You know, sadly, and I think this is just the reality of all of these, clinical indications, that the needs are very deep, and we have not been able to serve everybody, during the conduct of the trial so far because of the sort of regimented way that we have to dose, escalate, and do expansions and so on. So there's lots of opportunity to do these studies. I think from a capital efficiency point of view, I think let's differentiate between spending less money and being capital efficient, which is also includes maximizing value creation. And, given that there are tumor types that simply won't be represented in, the core, phase 3 trials, which necessarily are dedicated to specific indications, the opportunity to try to capture those in other ways, which creates clinical...
potential clinical benefit and opportunity, but also commercial implications associated with that is there. And the, you know, that sort of tumor agnostic trial is not a gigantic study, anyway. So we get to serve more patients at the same time that we're collecting more data, at the same time that we're generating more potentially registrational data across the tumor types, lines of therapy, genotypes, et cetera. So we think that the point now is to maximize value creation, and we will, that is our strategy, will be an aggressive strategy to do so, especially in a competitive environment. And was there a second part to that question?

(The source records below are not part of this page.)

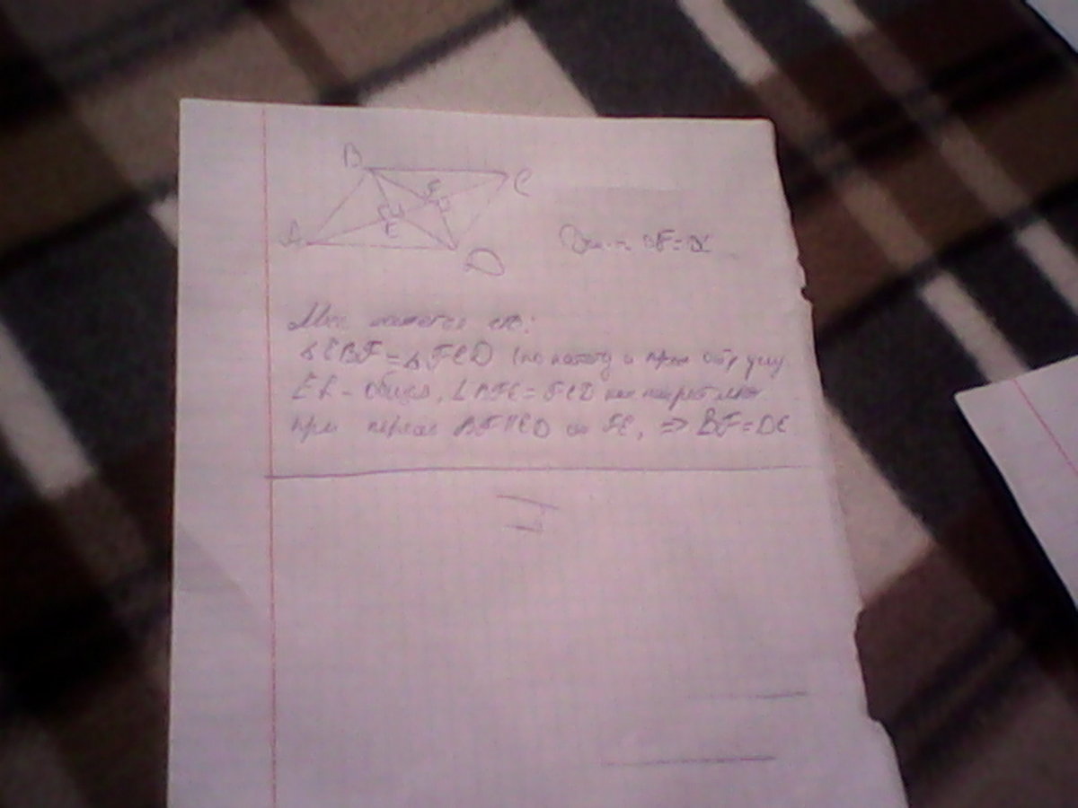 1) так как это парал., то ав=сд. и вс праллельно ад,значит накрест лежщие угла вас=асд, значит прямоугольные треугольники аве=сfд по гипотенузе и острому углу, следовательно и ве=дf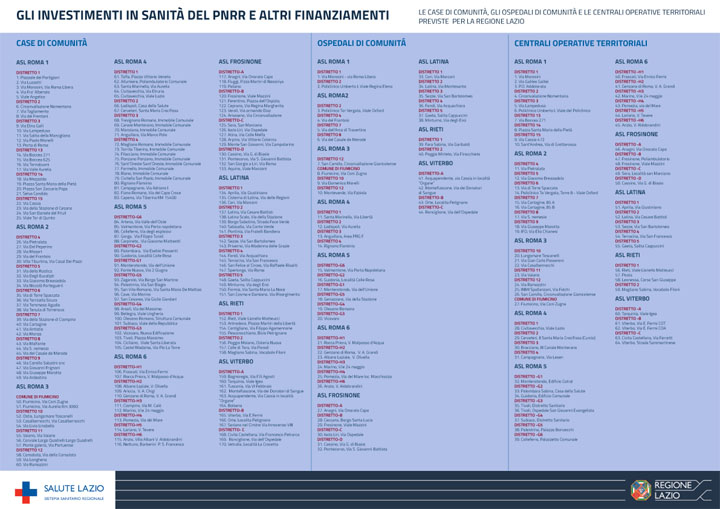 Nella seguente immagine tutti gli investimenti del Pnrr nella Sanità del Lazio (click per ingrandire)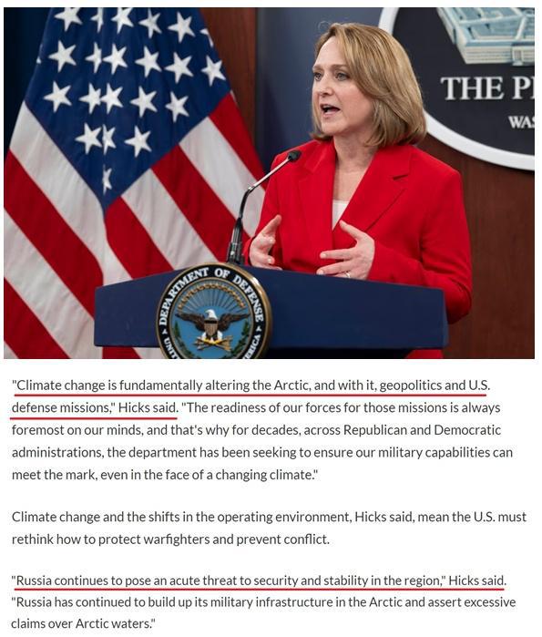美國國防部發(fā)布的最新報(bào)告將北極描述為對(duì)美國"具有重要戰(zhàn)略意義的地區(qū)",戰(zhàn)略意義在于"通往美國國土的北部通道"和"重要的美國國防基礎(chǔ)設(shè)施"等。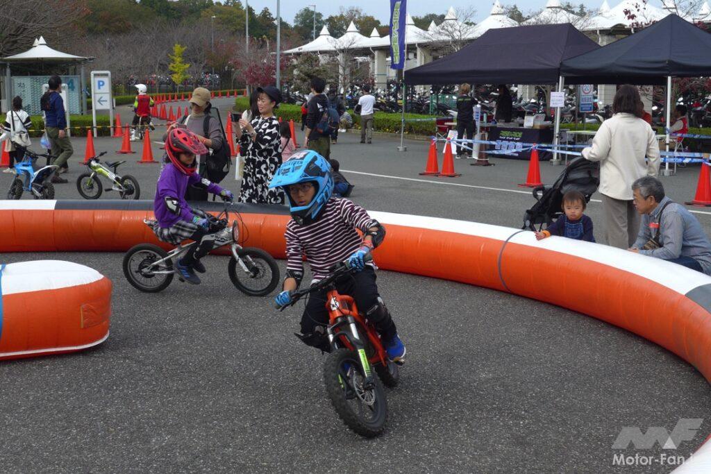 このイベントは誰もが楽しめるコンテンツが盛り沢山。今回は2年ぶりに復活したフリースタイルモトクロス(FMX)をはじめ、オフロード体験走行やトライアルバイク体験、オフロードモデル試乗会、身体に障害を持つ人向けのパラモトライダー体験走行会、電動キッズバイク体験などの体感型アトラクションや、ヨーヨー釣りやスーパーボールすくいが楽しめるキッズ向けの縁日コーナー、BDSバイクセンサー掲載の優良バイクショップやパーツ・アパレル用品メーカーによる展示即売会などが行われた。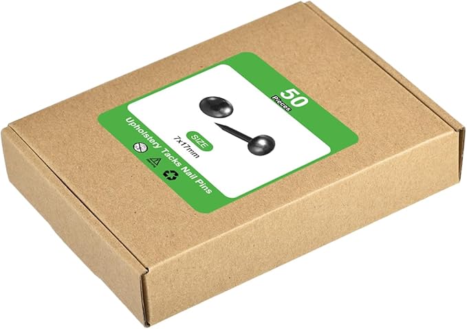 - Specifications: Material: Carbon steel; Color: Black; Diameter of nails head: 7mm/0.28inch; Shank length: 17mm/0.67inch; Package Content: 50Pcs x Upholstery Tacks Nail Pins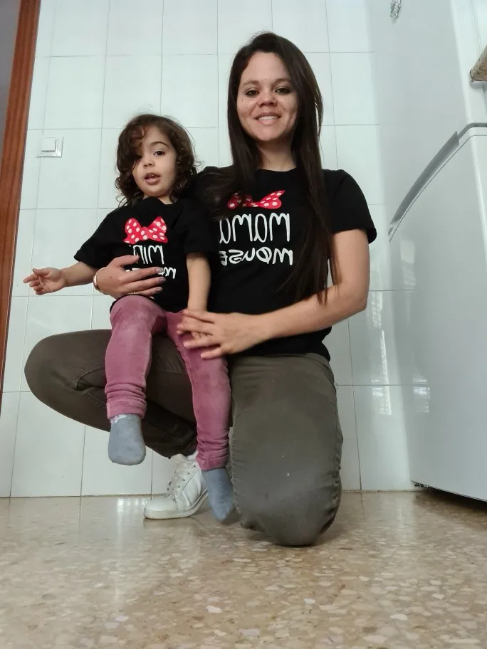Muy bonita..mi niña tiene 15 meses y pesa 10 kilos usa todavía la talla 9-12 meses... es delgada..compré la talla 2T y le está un poco grande pero estamos en enero y hace frío... recomiendo para dos años comprar el 3T...pienso en el verano le estará perfecta la camiseta... gracias!!!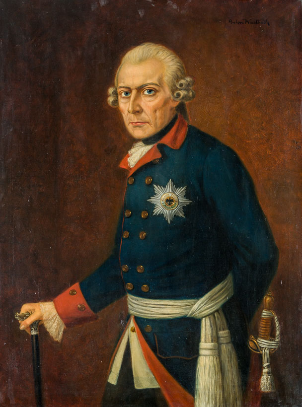| Friedrich d. Gr. in Uniform mit Bruststern des schwarzen Adlerordens. Barhäuptig, mit Krückstock. Hüftbildnis | |

That was basically it. If there's maybe a go, no-go decision between these-
Oh, yeah. Well, of course, there are. Sure, sure. I'm not gonna lie to you. You asked me the follow-up question of what those are. Those are internal, but obviously, and I think we said it many times here, and, you know, we're very transparent about this, we'll continue to be driven by the data and make data, data-driven decisions. But we're giving you our best projections, you know, genuine data-driven projections for where things are going to go, and also reflects the activities that we're currently doing to support those projected plans. These are not theoretical. This is very high quality, important hard work being done by our development organization to prepare for everything we've mentioned here, there is in some stage of significant planning to do.
Of course, the data will ultimately drive each of these decisions, and, I don't see how we could do it otherwise.
Okay. That's great. I appreciate it, and congrats again.
Thank you.
Thank you. I'm showing no further questions in the queue. At this time, I'd like to turn the call back to Dr. Mark Goldsmith for closing remarks.
Thank you, operator. Thank you to everyone for participating and actively querying us about this large, complex and very exciting program. We very much appreciate your continued support of Revolution Medicines.
This concludes today's conference call. Thank you for participating. You may now disconnect.